== Requirement ==
Your answer should give again, exactly, the lines from the beginning of the entries below through the line containing "Till vänster i". It must contain no pictures.

Stored items

++++

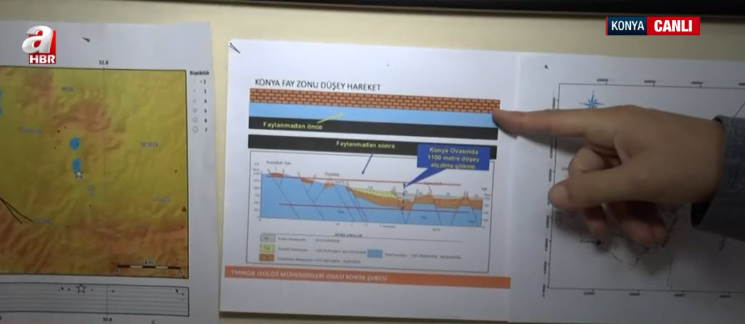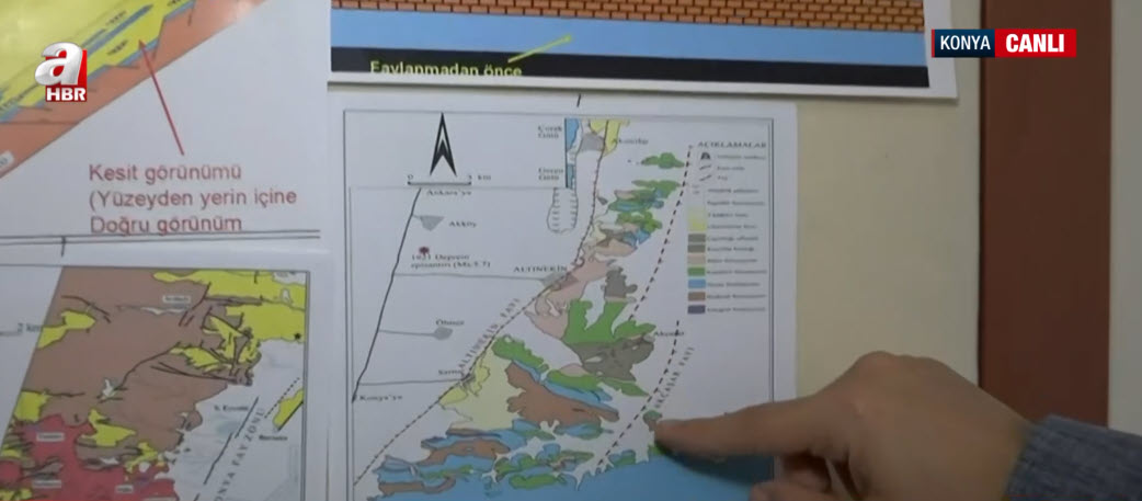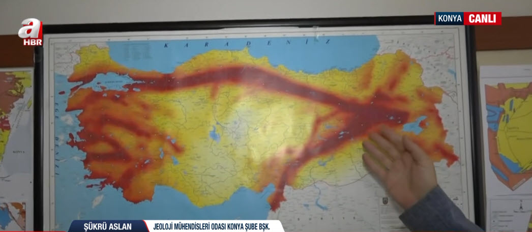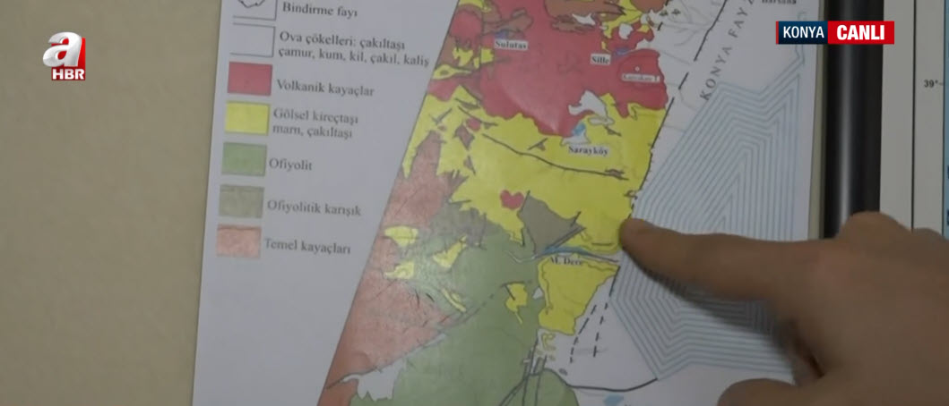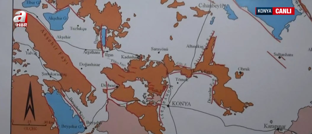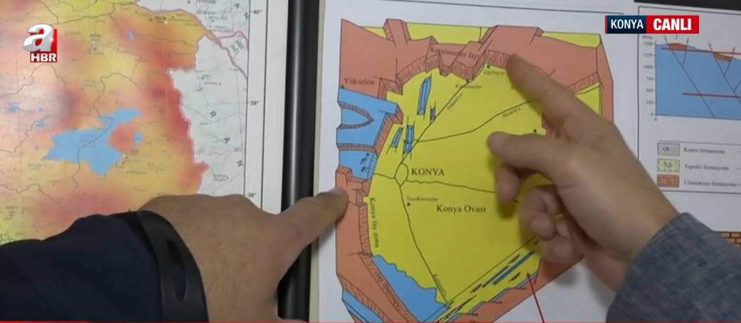 Konya'da sarı hatta koyu sarı dediğimiz çizgiler var. Konya'da aktif birçok fay var. Konya'ya baktığımız zaman aslında şöyle; Konya bir çöküntü havzası. Konya havzası oluşurken zaten fayların etrafında çökmesi sonucu oluşan bir havza.
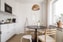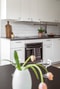 Till vänster i hallen nås det till lika stilrena som estetiskt tilltalande köket som renoverades under 2021. Här erbjuds fina förvaringsmöjligheter för kökets alla redskap via vita över- och underskåp samt bra arbetsytor genom en gedigen arbetsbänk på vardera sida av köket. Ovan arbetsbänken löper ett tidlöst vitt kakel. Den maskinella utrustningen består av spis med ugn, fläkt, inbyggd micro, integrerad diskmaskin samt kyl & frys. Matplatsen får sin naturliga plats invid fönsterpartiet med grönska utanför. Längs golvet löper ett snyggt vinylgolv.
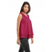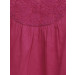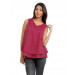 Dark pink sleeveless top, has a V neckline, lace panel on the yoke, gathers from below the yoke, two layers with the top layer ending before with a lace detail at the hem and the back layer extending from below
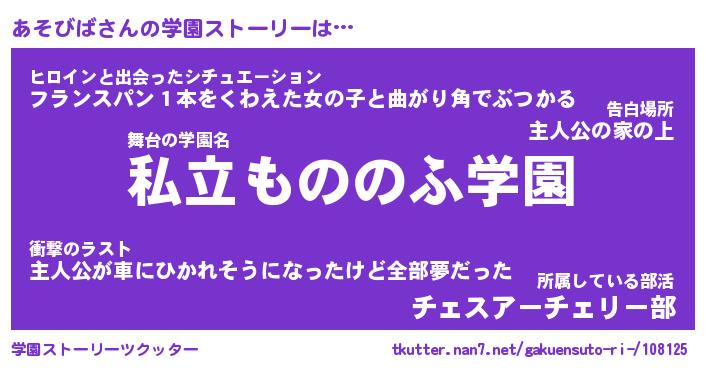 | 男性向けラノベタイトル風あだ名 | 『あそびばの憂鬱』 |
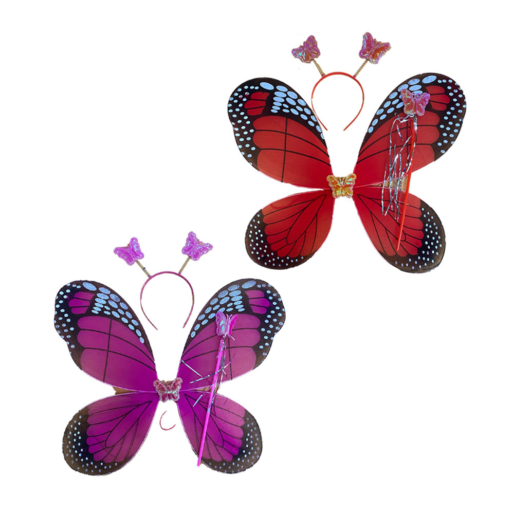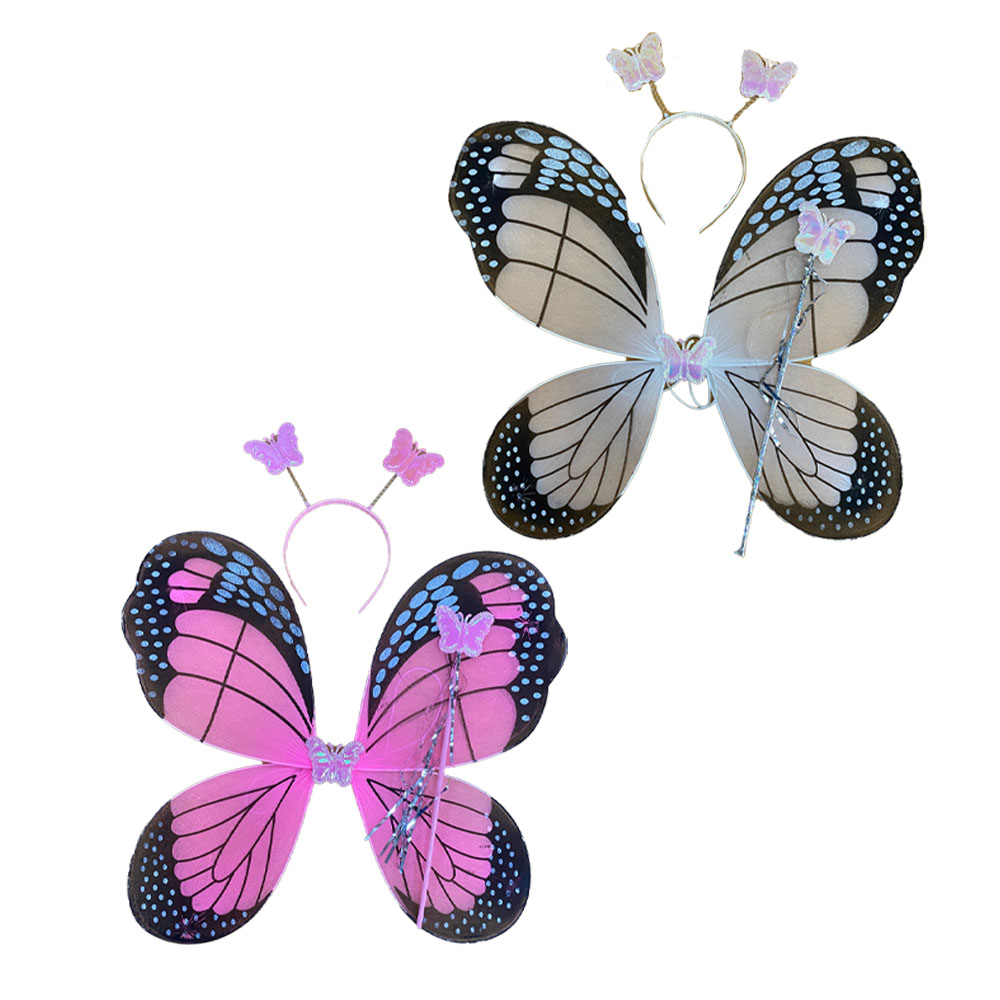 Contém: 1 Asa de Borboleta, 1 Tiara com Borboletas e 1 Varinha de Borboleta
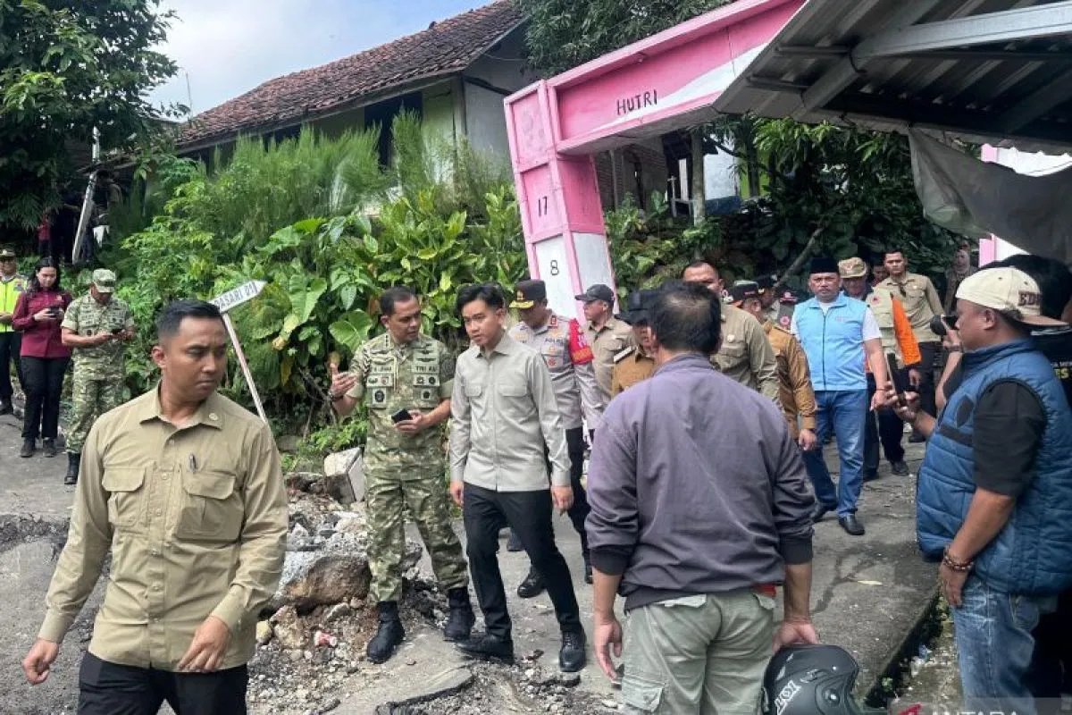 Wakil Presiden Gibran Rakabuming Raka (ketiga kiri) berjalan meninjau bencana tanah bergerak di Desa Padasari, Kabupaten Tegal, Jawa Tengah, Jumat (6/2/2026). Dalam kunjungan tersebut wapres menginstruksikan agar kebutuhan lansia, ibu hamil anak-anak, difabel terpenuhi dengan layak serta untuk kehilangan akta, surat dan sertifikat dapat diurus satu hari jadi dan relokasi tempat dengan hunian yang lebih aman. ANTARA FOTO/Oky Lukmansyah/foc.
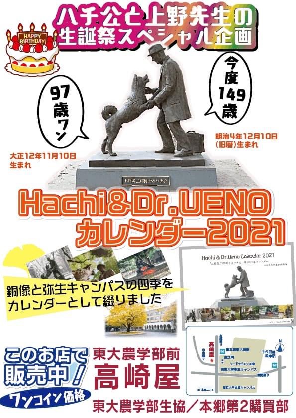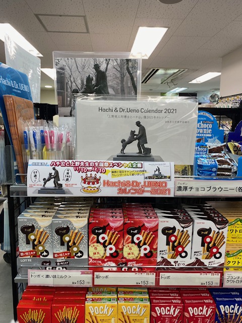 現在も農学資料館は休館のままです。資料館におけるハチ公グッズ販売も中止のままですが、「2021年のカレンダー」を作成し、農学部内生協及び高崎屋酒店にて販売しております。
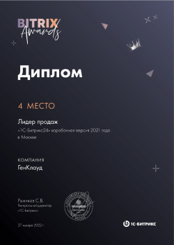 В процессе работы с компанией Генклауд мы задокументировали в виде схем и технического задания наши процессы и их реализацию в Битрикс24. Затем, совместно, сделали внедрение по техническому заданию с обучением. Не все, что описали в техническом задании, оказалось удобно, но при сопровождении процессы были подстроены под нас. Нам понравилась оперативность реакции и профессионализм сотрудников компании, в планах дальнейшая работа по интеграции 1С и Битрикс24, а также подключение бОльшего числа сотрудников.
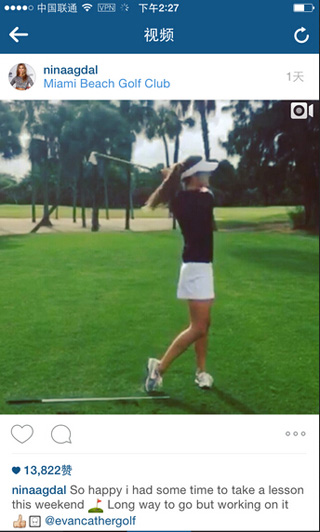 虽然之前挥杆差还各种暴躁、发脾气,但也并没有让她沮丧。阿格戴尔周一又发布了一段视频,这次她很明显进步了许多。
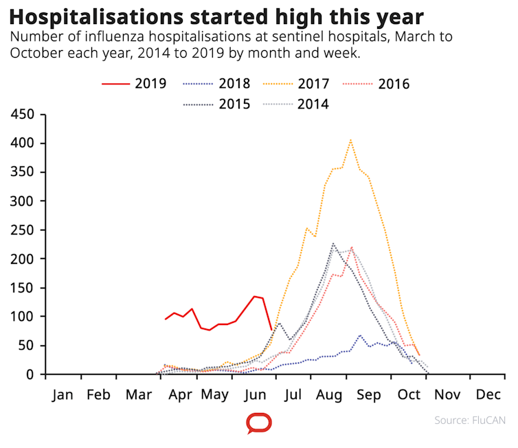 From early this year it’s been apparent the 2019 Australian influenza “season” was going to be different. Normally, the flu season coincides with the winter months of July and August, sometimes stretching to September and October.
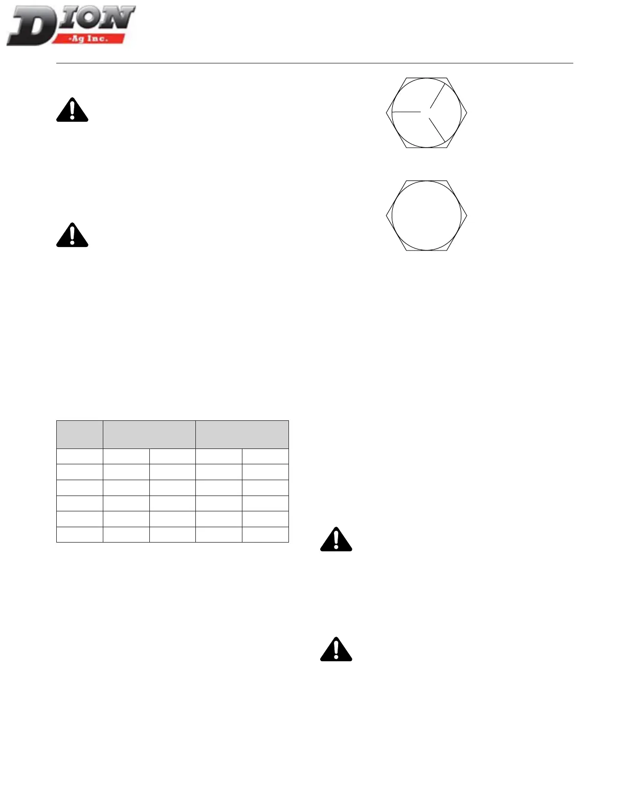 The table below gives the correct torque values for bolts
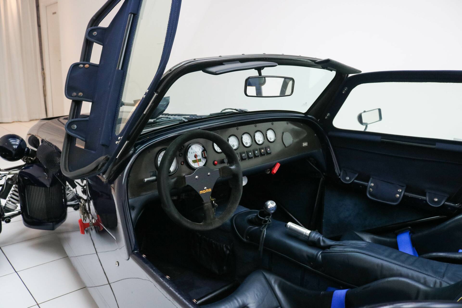 Het interieur is bekleed met blauw leder en voorzien van een dashboard in carbon met de originele instrumenten, waaronder turbodruk, oliedruk, olietemperatuur en watertemperatuur. Ook is de auto uitgerust met een rembalansknop, onderdeel van het Cup-pakket.
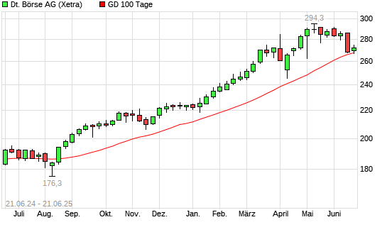 Mit dem Anstieg auf 272,90 EUR hat die Deutsche Börse-Aktie am 20.06.2025 die 100-Tage-Linie nach oben gekreuzt.
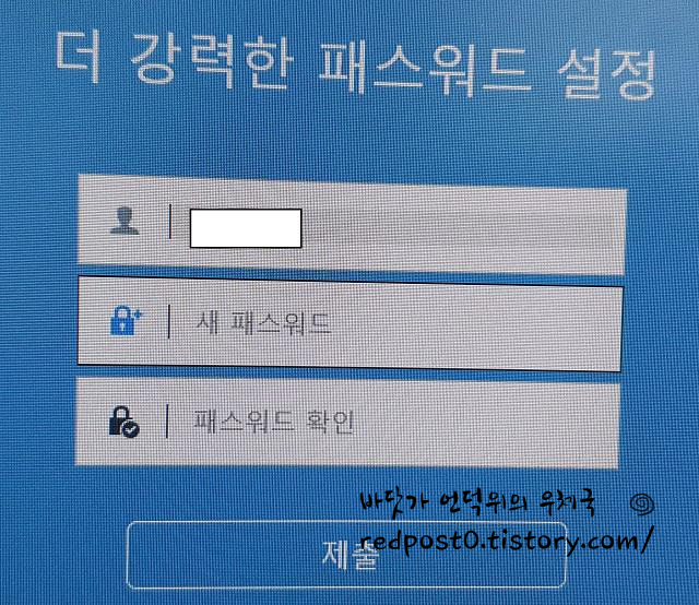 그러면 패스워드를 재설정하라는 창이 나오고 재설정하면 이후 정상적으로 사용이 가능합니다.
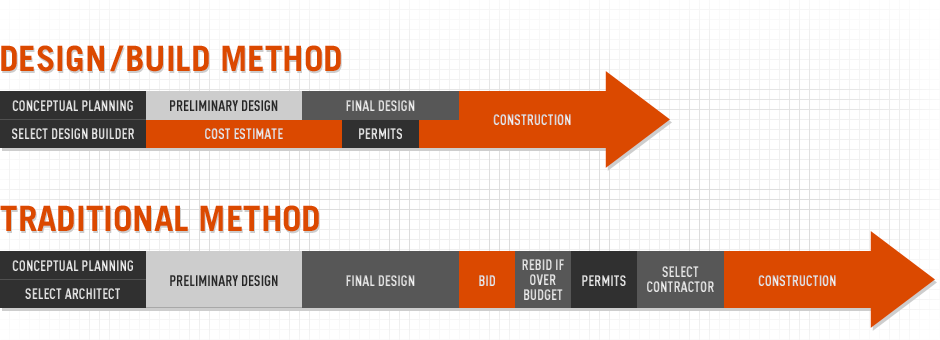 Over the years, most major building projects have taken the form of design-bid-build, meaning an engineering firm designs it, the project owner puts it out to construction firms for bid and selects a general contractor, and then that contractor constructs the project. Design-Build is when an engineering firm and construction firm collaborates up front to present a bid to the project owner to design and build the project in a single package. This saves time, as it eliminates a step in the project sequence, and in many cases, construction on some phases can begin before the entire design process is complete. It can also reduce animosity between the engineering firm and contractor.

++++

== Completed exercise ==
 Konya'da sarı hatta koyu sarı dediğimiz çizgiler var. Konya'da aktif birçok fay var. Konya'ya baktığımız zaman aslında şöyle; Konya bir çöküntü havzası. Konya havzası oluşurken zaten fayların etrafında çökmesi sonucu oluşan bir havza.
 Till vänster i hallen nås det till lika stilrena som estetiskt tilltalande köket som renoverades under 2021. Här erbjuds fina förvaringsmöjligheter för kökets alla redskap via vita över- och underskåp samt bra arbetsytor genom en gedigen arbetsbänk på vardera sida av köket. Ovan arbetsbänken löper ett tidlöst vitt kakel. Den maskinella utrustningen består av spis med ugn, fläkt, inbyggd micro, integrerad diskmaskin samt kyl & frys. Matplatsen får sin naturliga plats invid fönsterpartiet med grönska utanför. Längs golvet löper ett snyggt vinylgolv.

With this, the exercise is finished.